Laissant sa tête reposer contre le mur derrière eux, elle ferme les yeux et expire un long filet de fumée argentée. Mais lorsqu’elle les rouvre, ses sourcils sont toujours délicatement froncés, ses prunelles toujours aussi troublées. Elle observe d’un air absent l’américain reprendre sa baguette magique et la lui tendre. Guinness la prend et la range dans son sac. « Merci. » dit-elle sombrement.
Elle ne réagit pas tout de suite à l’inquisition de Pollux. A se demander si elle l’a même entendu. Son regard reste posé sur sa cigarette. Non. Sa main. Légèrement marquée de fines et anciennes cicatrices blanches. Elle tremble légèrement.

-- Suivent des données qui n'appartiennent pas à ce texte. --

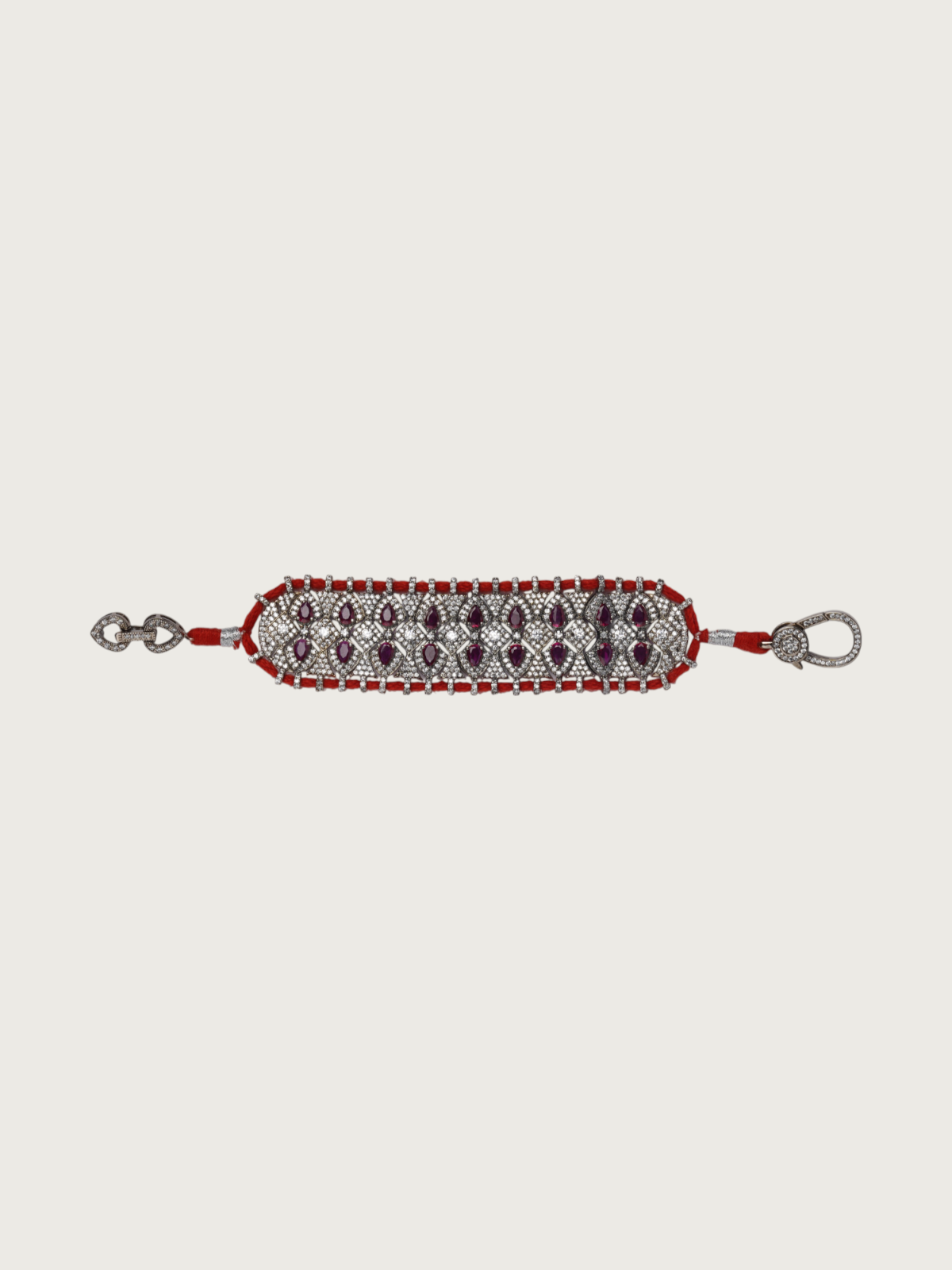 Crafted with an eye for detail, this Tver bracelet combines rich red thread with oxidized silver artistry and pink-toned crystal accents. The intricate openwork design adds dimension, while the vivid color contrast brings modern vibrance to traditional craft.
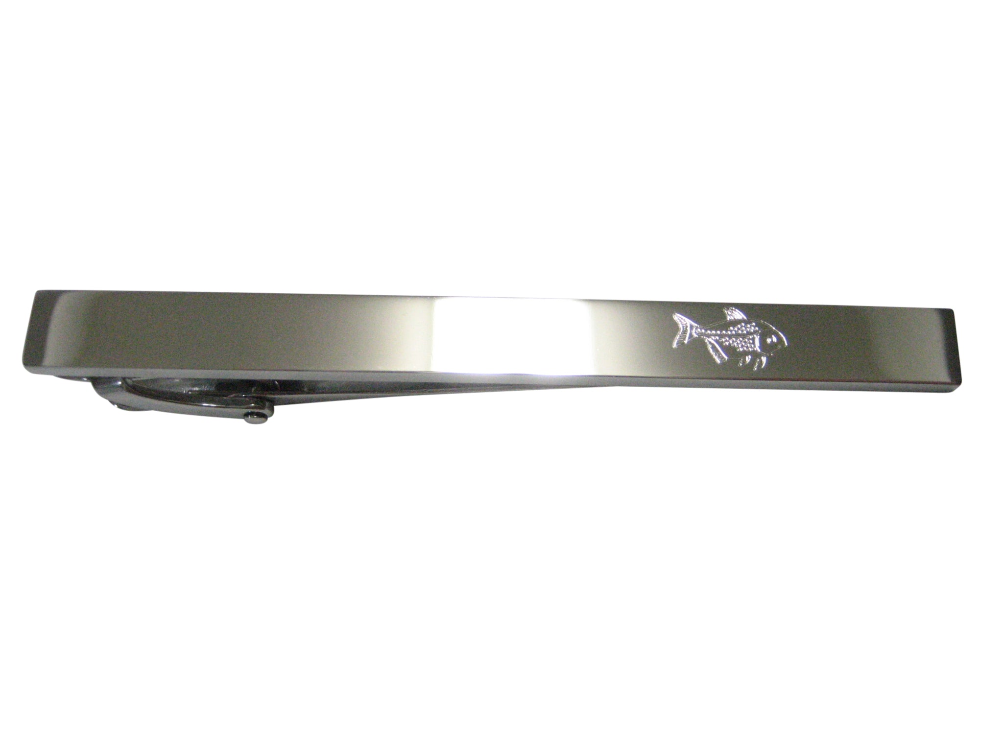 Silver Toned Etched Sleek Piranha Pirana Fish Tie Clip
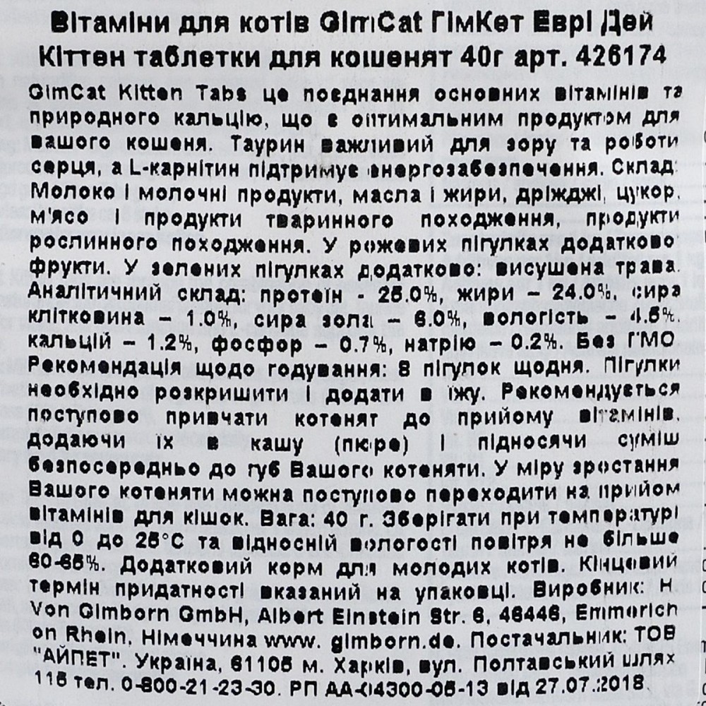 Комбінація життєво необхідних вітамінів та кальцію робить GimCat Kitten Tabs ідеальним продуктом для вашого кошеняти. Таурин важливий для зору та роботи його серця, а L-карнітин підтримує енергійність і життєрадісність малюка.

« Penses-tu que ce soit une erreur d’être venu ici, Pollux ? » demande-t-elle sans le regarder, comme par peur d’assumer sa question. Pourtant, après la mort de Monseigneur puis de Corail, elle ne doit pas être la seule à se poser la question.
« ça me fait bizarre que l’on ne s’appelle même pas par nos prénoms. Je comprends pourquoi. Mais si nous formons la Résistance, ne devrions-nous pas nous faire confiance ? Ou alors n’est-ce pas perdu d’avance ? » Elle se passe une main sur le visage, signe de sa perplexité. Guinness semble perdue. Puis elle se tourne vers l’américain pour attendre sa réponse. « Pollux. » dit-elle simplement, comme pour expérimenter la sensation de ce nom sur ses lèvres, nom aussi vide de sens que le sien.